Acceptance and commitment therapy, also known as ACT, aims to increase one’s psychological flexibility. This can be an important skill that many individuals who receive applied behavior analysis services could benefit from improving.
The Association for Contextual Behavioral Science defines ACT in this way:
“In theoretical and process terms we can define ACT as a psychological intervention based on modern behavioral psychology, including Relational Frame Theory, that applies mindfulness and acceptance processes, and commitment and behavior change processes, to the creation of psychological flexibility (Hayes, ND).”
Psychological flexibility is a complex concept. It includes being able to be in the present moment with your mind and your body in a way that allows you to be aware of what is happening in the now. Additionally, psychological flexibility includes being able to intentionally act in ways that are beneficial and helpful to yourself. By being more psychologically flexible, you can behave in ways that are connected to your own personal values and goals.

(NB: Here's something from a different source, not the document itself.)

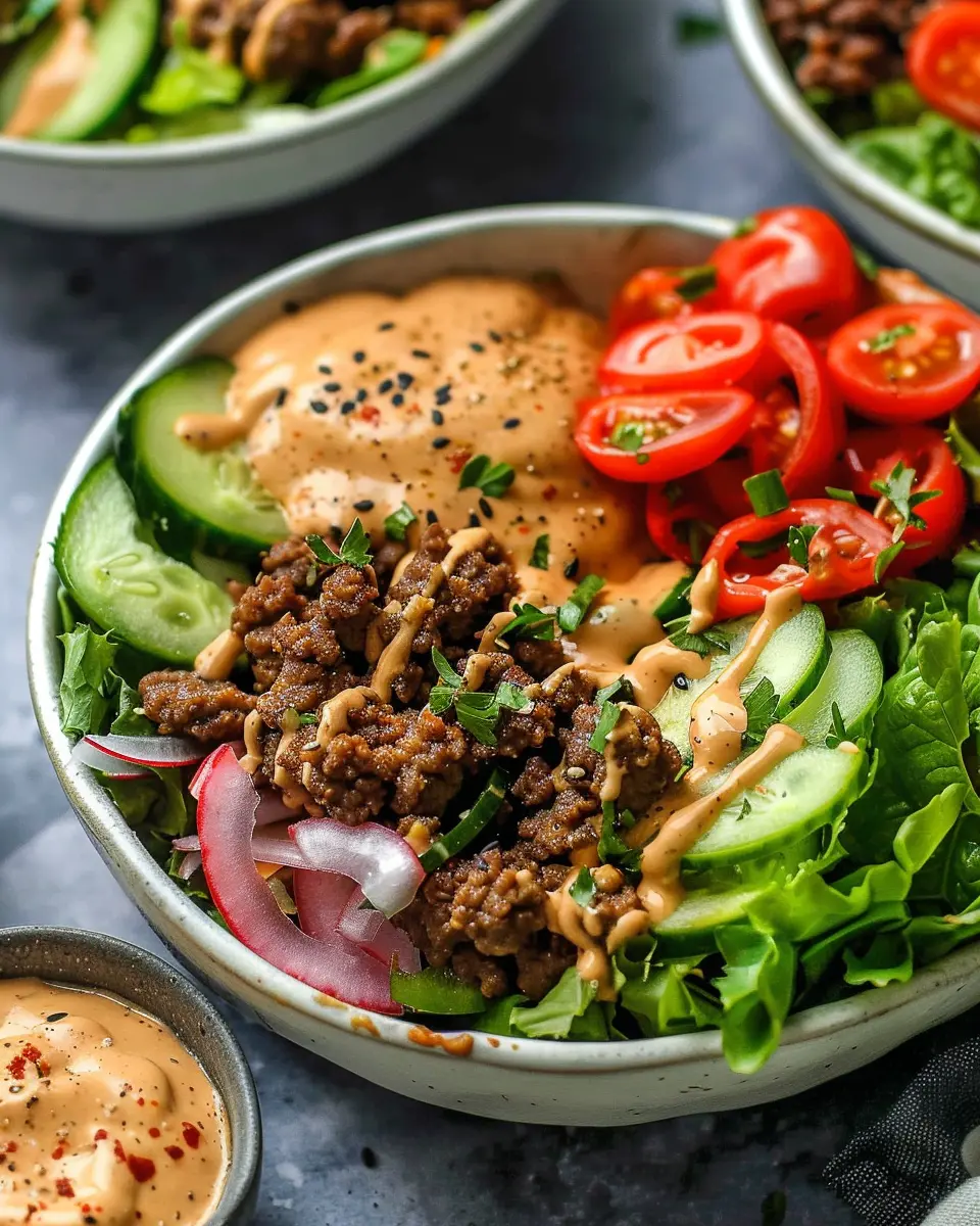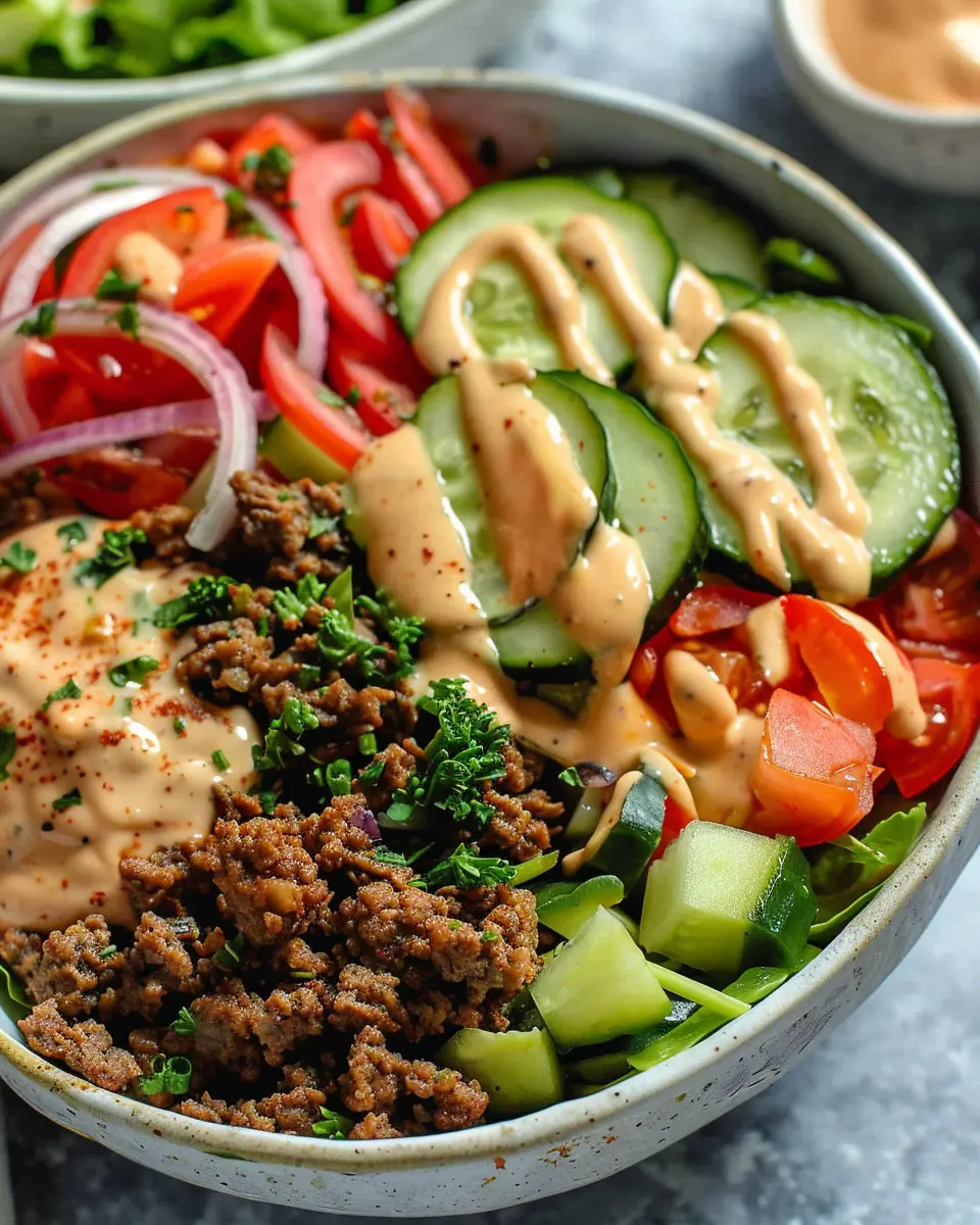 Discover the ultimate fusion of flavors with these Healthy Burger Bowls, featuring a delicious special sauce that will tantalize your taste buds.
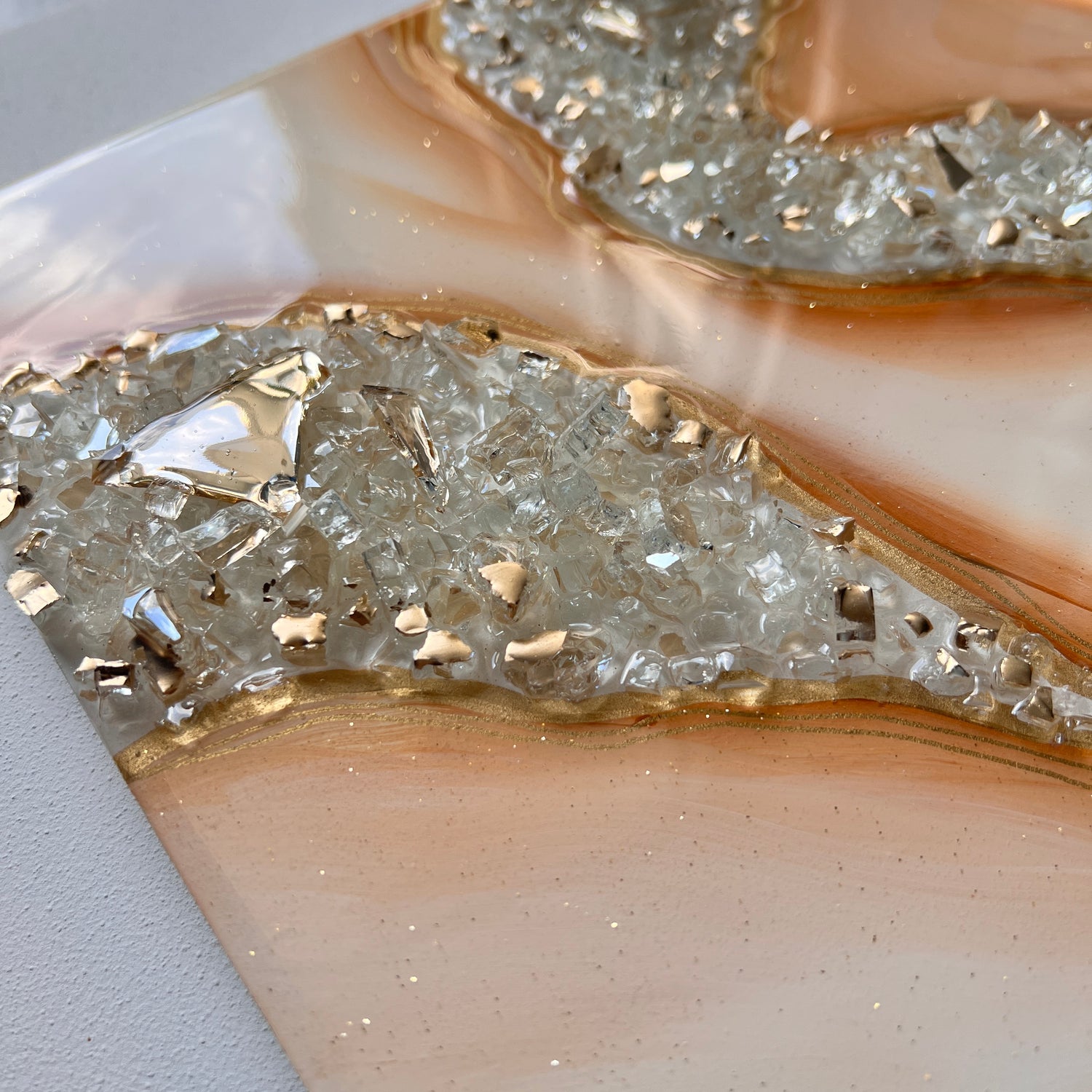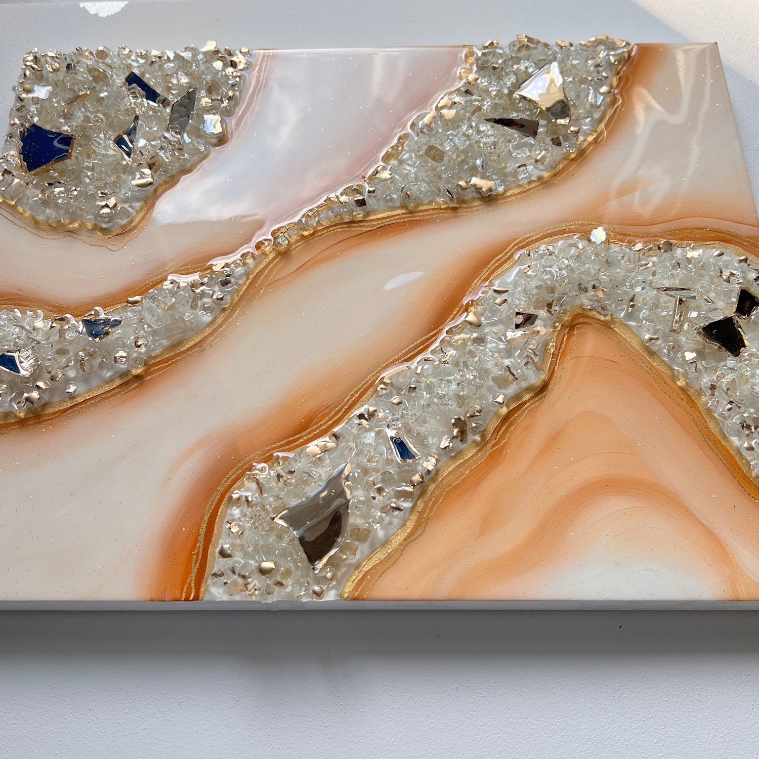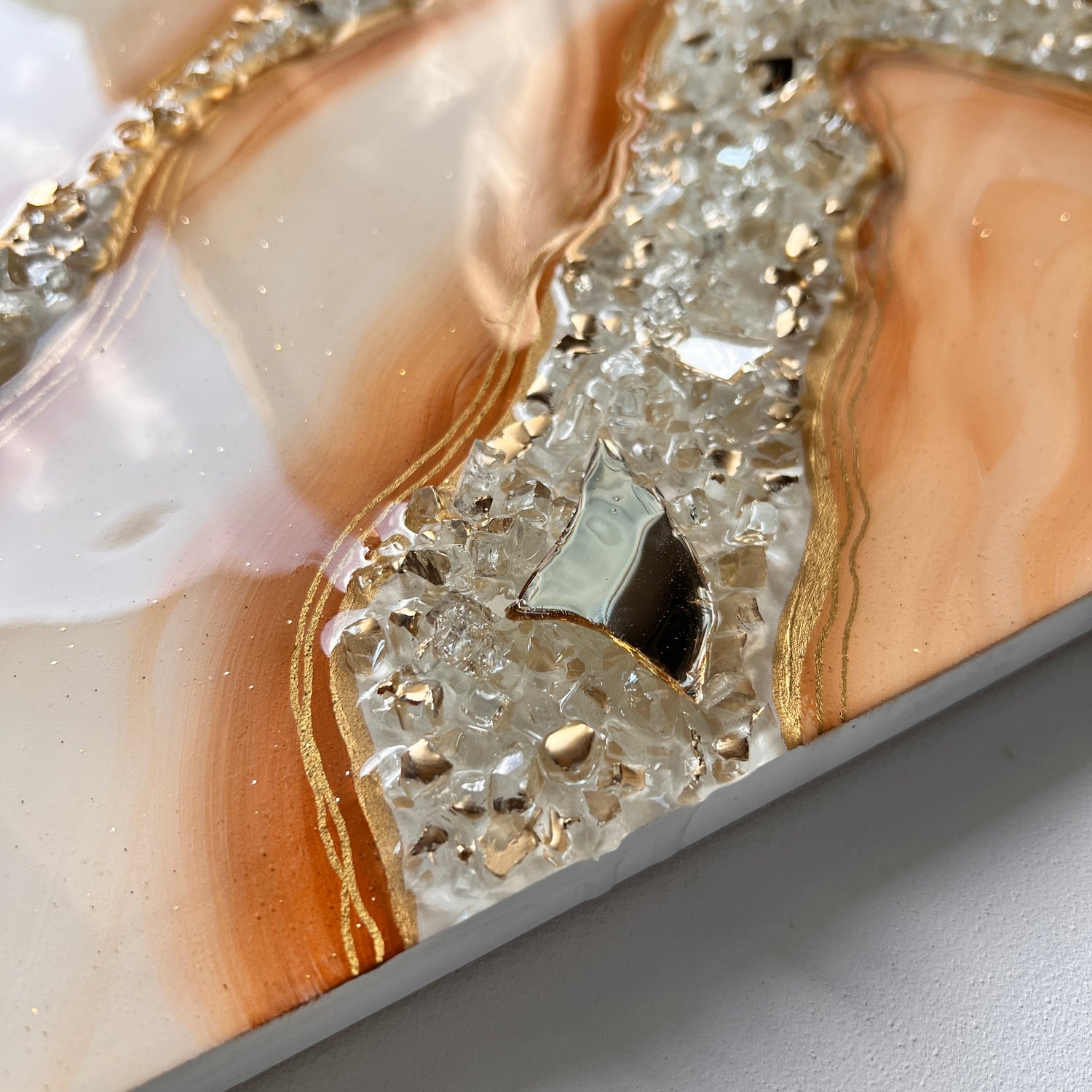In a quiet corner hung a beige and golden artwork that seemed to hum with a soft, ancient magic. Waves of crushed glass swept across the canvas like frozen tides, each crest catching the light in shimmering whispers. Hidden within the ripples were fleeting glimpses of gold, bright, elusive flashes that felt like secrets the ocean might keep for itself. Viewers often paused, drawn in without knowing why, as if the piece tugged gently at memories they’d never lived, offering a moment of stillness wrapped in quiet luxury.

To obtain healthy levels of psychological flexibility, a person can utilize a combination of the six core processes of ACT.
6 Core Processes of ACT
- Cognitive Defusion
- Contacting the Present Moment
- Self as Context
- Committed Action
Acceptance doesn’t mean you are okay with something. It doesn’t mean you want the pain or struggle. Acceptance means that you open up and make room to experience the unpleasant thoughts and emotions and events of the human experience. You stop fighting with them. You don’t engage with the struggle to get rid of the unpleasant sensations or discomfort.
Cognitive defusion – or just defusion – has to do with being able to recognize our thoughts as just that…They are just thoughts (words or pictures in the mind). Defusion allows you to be able to step back from your thoughts and not be consumed by them.
Contacting the Present Moment
Contacting the present moment has to do with “being in the now.” This principle means that you are focused on what is happening with you and/or in your environment right now and less-so with what has happened in the past or what may happen in the future.
Self as context refers to “the observing self.” This is the part of you that is able to step back and watch what is happening within you. You can know that you are thinking and experience physical or emotional sensations. You can think about your thinking.
Values are what you most care about. Values have to do with what you want your life to be about, what you want to stand for, and what you ultimately experience as your true drive. Values help you to steer your behaviors toward what is meaningful to you.
In ACT, it is important not to forget or downplay the part where you must take action on your values. Committed action is about taking effective action and behaving in ways that are guided by your values. This allows you to create a fulfilling and satisfying quality of life (Harris, 2009).
Harris, R. 2009. ACT Made Simple: An Easy-To-Read-Primer on Acceptance and Commitment Therapy. New Harbinger Publications, Inc. Retrieved from: https://www.actmindfully.com.au/upimages/ACT_Made_Simple_Introduction_and_first_two_chapters.pdf
Hayes, S. ND. The Six Core Processes of ACT. Association for Contextual Behavioral Science. Retrieved on Sept. 12, 2019: from: https://contextualscience.org/the_six_core_processes_of_act#.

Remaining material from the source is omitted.